▶ **DATA SECTION**
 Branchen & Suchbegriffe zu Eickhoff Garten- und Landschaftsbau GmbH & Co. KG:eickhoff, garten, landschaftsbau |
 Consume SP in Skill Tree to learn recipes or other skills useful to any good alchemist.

==

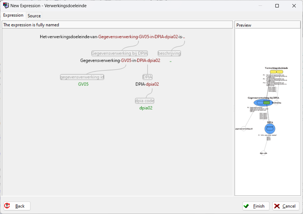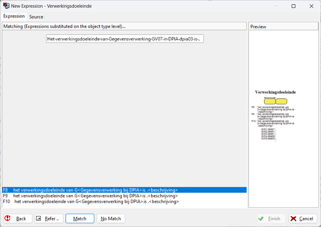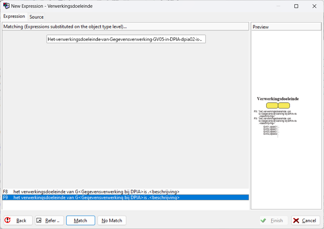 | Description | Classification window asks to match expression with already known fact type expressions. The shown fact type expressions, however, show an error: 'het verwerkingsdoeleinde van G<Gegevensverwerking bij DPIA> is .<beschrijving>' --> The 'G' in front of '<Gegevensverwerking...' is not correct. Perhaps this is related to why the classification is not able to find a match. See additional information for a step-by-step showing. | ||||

==

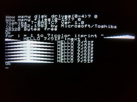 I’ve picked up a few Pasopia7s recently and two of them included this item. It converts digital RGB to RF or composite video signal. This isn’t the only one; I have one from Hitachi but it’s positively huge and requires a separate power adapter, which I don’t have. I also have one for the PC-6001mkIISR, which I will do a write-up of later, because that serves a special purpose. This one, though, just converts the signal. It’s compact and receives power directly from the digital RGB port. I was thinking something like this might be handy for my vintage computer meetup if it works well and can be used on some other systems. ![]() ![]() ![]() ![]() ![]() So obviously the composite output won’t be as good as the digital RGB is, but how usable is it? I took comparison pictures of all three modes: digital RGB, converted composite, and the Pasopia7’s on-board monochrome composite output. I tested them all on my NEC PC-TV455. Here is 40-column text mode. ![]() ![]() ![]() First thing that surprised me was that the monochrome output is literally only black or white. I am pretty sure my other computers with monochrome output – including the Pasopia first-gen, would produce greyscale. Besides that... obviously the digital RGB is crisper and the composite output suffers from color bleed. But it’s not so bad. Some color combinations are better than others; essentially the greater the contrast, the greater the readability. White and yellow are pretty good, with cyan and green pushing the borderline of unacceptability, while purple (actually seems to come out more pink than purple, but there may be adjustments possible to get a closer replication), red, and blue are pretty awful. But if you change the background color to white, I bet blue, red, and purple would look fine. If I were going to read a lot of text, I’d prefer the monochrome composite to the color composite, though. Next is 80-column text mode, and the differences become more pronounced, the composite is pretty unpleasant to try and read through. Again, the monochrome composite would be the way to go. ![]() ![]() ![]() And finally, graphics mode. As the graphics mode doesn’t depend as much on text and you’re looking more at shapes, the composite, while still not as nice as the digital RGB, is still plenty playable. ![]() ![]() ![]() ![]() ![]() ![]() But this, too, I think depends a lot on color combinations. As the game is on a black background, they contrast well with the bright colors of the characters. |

▶ **ABOUT THIS TASK**
Within the data above, the lines from the one with "Branchen & Suchbegriffe" to the one with "Consume SP in" must be repeated exactly; no other line belongs in the answer.

▶ **TASK ANSWER**
 Branchen & Suchbegriffe zu Eickhoff Garten- und Landschaftsbau GmbH & Co. KG:eickhoff, garten, landschaftsbau |
 Consume SP in Skill Tree to learn recipes or other skills useful to any good alchemist.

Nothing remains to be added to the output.